Even so, in the midst of continuing success the company is paying attention to the bottom line. Pernotto says a grass roots initiative among Belk’s employees generated more than a thousand ideas for identifying and eliminating waste in the organization.

Consumer Confidence Rises

It’s clear that not all retailers have fallen prey to the economic slowdown. Hickory Furniture Mart’s Lail calls the current retail climate home, hearth and family driven, and Lowe’s Ahearn agrees. “People are staying closer to home and family,” she says. “For most people their home is their greatest investment, and now they’re remodeling the kitchen they had planned for two years or building a deck or landscaping the yard.”

The return to home and family, first appearing when the recession began, intensified after the terrorist attacks last Sept. 11. People began simplifying their lives, Ahearn says, traveling less and desiring to come home to a comfortable, secure environment.
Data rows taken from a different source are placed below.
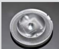
JULIA-A 18.9 MM X 4.7 MM PMMA

CREE XP-E / XP-G & SEOUL Z5 F11947_JULIA-A FA11948_JULIA-A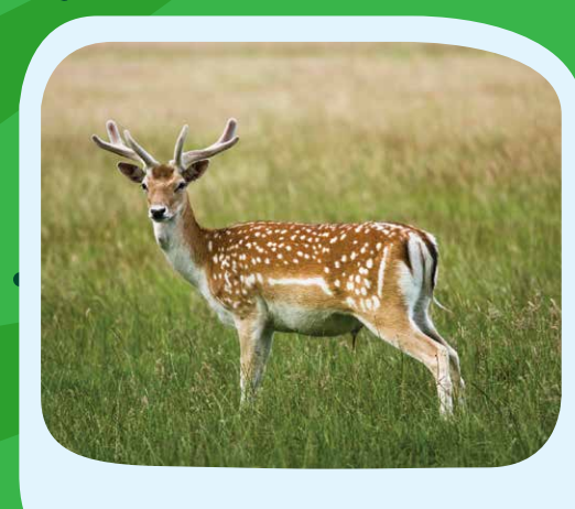
Over 20 land mammals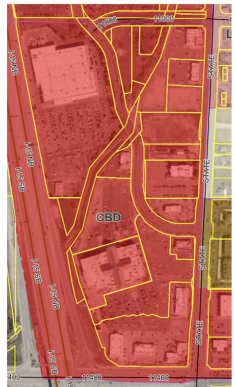
Figure 1 - CBD Zone Area

There is not an existing mixed use master plan for this area, and it is not part of the Cairns Master Plan. Most of the neighboring properties within the CBD Zone District have been developed with regional retail uses, restaurants, and services (see Figure 1). They have been designed and arranged in a manner focused on vehicular movement rather than on the pedestrian and walkability in the area.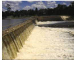
1 torrumbarry weir complex face of weir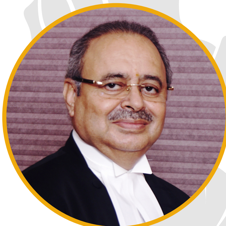
HON'BLE MR. JUSTICE RITU RAJ AWASTHI

HON'BLE UNION MINISTER OF STATE FOR ELECTRONICS AND INFORMATION TECHNOLOGY & UNION MINISTER OF STATE FOR SKILL DEVELOPMENT AND ENTREPRENEURSHIP, GOVT. OF INDIA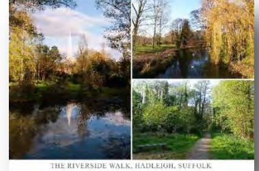
THE RIVERSIDE WALK, HADLEIGH, SUFFOLK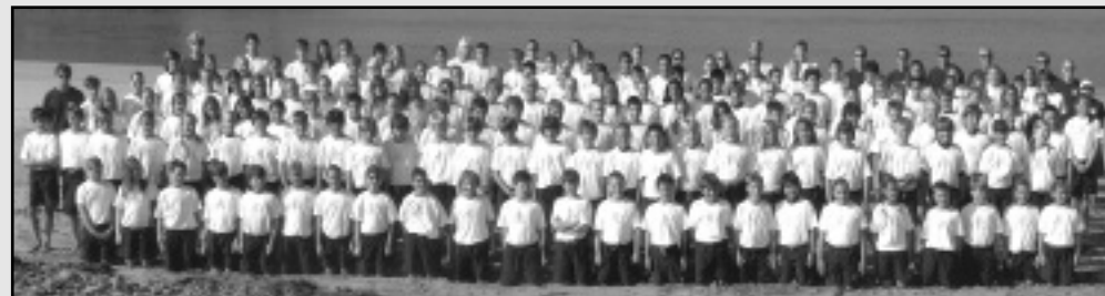
Junior Lifeguard Program

Our Junior Lifeguard program is the best in southern California if not the world. The Del Mar Foundation's $3,000 grant to this program ensures that children, no matter their income level, can partake in this important program.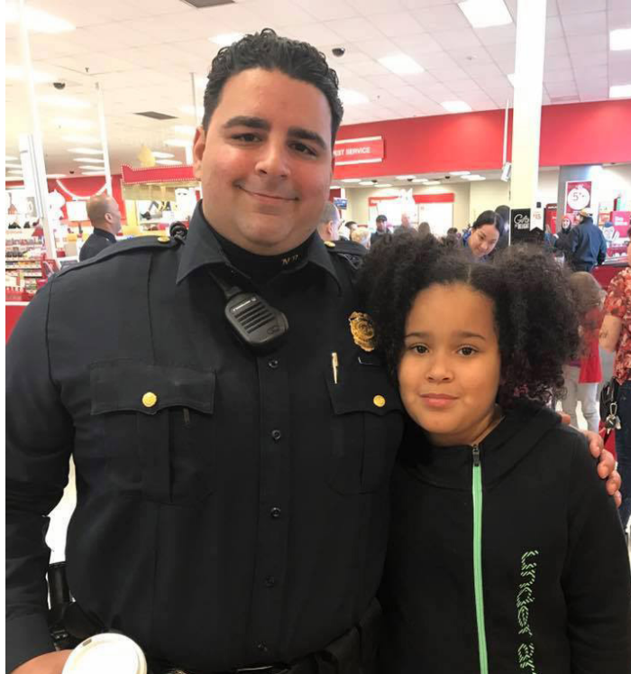
A project of the Community Foundation of Southeastern Massachusetts.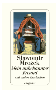
My Unknown Friend 192 pages 1999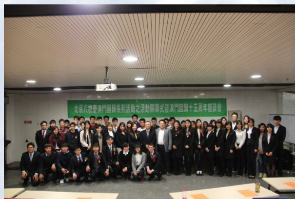
Celebration of 15th anniversary of Macao handover, Peking University - Macao Cultural Communication Association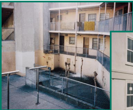
Hayes Valley public housing before and after HOPE VI, San Francisco

With HOPE VI grants, housing authorities have the necessary resources to fix these mistakes by tearing the properties down and starting over again or, in some cases, rehabilitating them.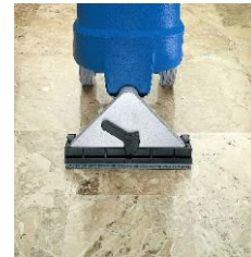
Hard floor cleaning

Homeowners today, she feels, want to create a haven from the world’s stress for their family and friends who visit.

Clearly many of  those retailers experiencing growth today are the ones who were poised to take advantage of the “return home” trend with a ready supply of needed merchandise at attractive price points.

Retail spending has also been fueled by last year’s federal tax refund and the refinancing of mortgages by homeowners, which occurred in record numbers last year thanks to low long-term interest rates.

For those retailers who have suffered along with other economic sectors, Wake Forest University’s Shoesmith says help is on the way. He notes that growing consumer confidence and increased retail sales indicate that a modest economic recovery with low inflation is already under way. He cites first quarter growth of 5.8 percent in real gross domestic product, personal consumption rising 3.5 percent and low inflation at 1.2 percent as indicators of an uptick in the economy.

Good news especially for North Carolina is a gradual turnaround in unemployment. Shoesmith says joblessness should have began to drop this summer, culminating with only a .3 percent decline in overall employment for the year. This should be followed by a 1.3 percent increase in jobs during 2003, he believes. “Overall the data indicate that the United States economy is turning the corner,” he says. “We saw positive job growth in the first quarter and this summer we should pull out of the brief recession.”

He predicts retail sales overall will begin a growth trend once the economy rights itself. And that’s more good news for North Carolina retailers.